Tentara Inggris tergabung dalam AFNEI datang bersama dengan tentara NICA. Tugas mereka adalah melucuti tentara Jepang dan memulangkan mereka ke negara nya dan sekaligus mengembalikan Indonesia kepada pemerintahan Belanda sebagai negara jajahan. Hal ini lah yang memicu kemarahan warga Surabaya. Mereka menganggap Belanda menghina kemerdekaan Indonesia dan melecehkan bendera merah putih. Timbul protes yang membuat warga Surabaya berkerumun didepan hotel Yamato dan meminta bendera Belanda diturunkan lalu mengibarkan bendera Indonesia. Pada tanggal 27 Oktober 1945 perwakilan Indonesia berunding dengan pihak Belanda dan berakhir Meruncing hingga mengakibatkan Lukman tewas dicekik oleh Sidik. Hingga mengakibatkan hotel Yamato terjadi kericuhan. Sejumlah warga ingin masuk kedalam Hotel tetapi Haryono dan Gusno Wibowo yang berhasil merobek bagian biru bendera, sehingga bendera menjadi Merah Putih. Tanggal 29 Oktober 1945 pihak Indonesia dan Inggris sepakat untuk menandatangani gencatan senjata. Namun disayangkan keesokan harinya kedua pihak bentrok dan menyebabkan Brigadir Jenderal Mallaby, pimpinan tentara Inggris tewas ditembak. Melalui Mayor Jenderal Robert Mansergh, pengganti Mallaby mengultimatum bahwa semua pimpinan dan orang Indonesia, yang bersenjata harus melapor dan meletakkan senjatanya serta meminta orang Indonesia untuk menyerahkan diri dengan mengangkat tangan di atas ultimatum pada pukul 6 pagi tanggal 10 November 1945.

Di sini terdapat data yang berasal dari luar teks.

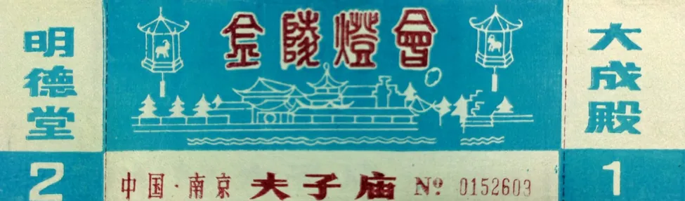 该门票横版,彩色套印,左右分别写着明德堂、大成殿,这里正是灯会的展览地,双副券样式。我估计是因为空间有限,观灯游客又多,为了维护安全限流,每处只能欣赏一次,看哪边撕哪边。正券中间是红色金陵灯会四个大字,红色代表喜庆。中间魁光阁、夫子庙大成殿、青砖马头墙和波光粼粼的秦淮河水相印。两边上角分别是两个传统花灯样式,代表金陵灯彩。最有特色的是该票没有标明具体年份,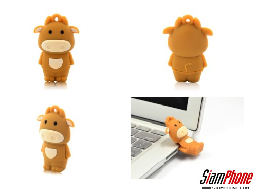 USB รูปวัว (สัตว์ประจำปีฉลู) ออกแบบด้วยลวดลายที่น่ารัก เป็นรูปวัวตัวผู้สีน้ำตาลอ่อน ที่ทำจากซิลิโคนคุณภาพ ขนาด 48x32x17 มิลลิเมตร น้ำหนัก 12 กรัม

Ultimatum tersebut membuat warga Surabaya marah hingga terjadi pertempuran 10 November . Saat itu rakyat Surabaya bersama para pejuang tertempur melawan tentara Inggris yang mana kekuatan tentara sekutu sekitar 15.000 pasukan. Dalam pertempuran di surabaya itu 6000 rakyat Indonesia telah gugur dan pertempuran tersebut terjadi selama 3 minggu. Oleh karena peristiwa itulah pertempuran surabaya pada tanggal 10 November 1945 ditetapkan sebagai hari pahlawan.

Pahlawan bukanlah superhero yang tak pernah menderita. Pahlawan hanyalah manusia biasa yang berkorban untuk negara Indonesia. Bangsa yang mereka inginkan, bukan pujian yang mereka harapkan, dialah permata NKRI. Selamat hari Pahlawan.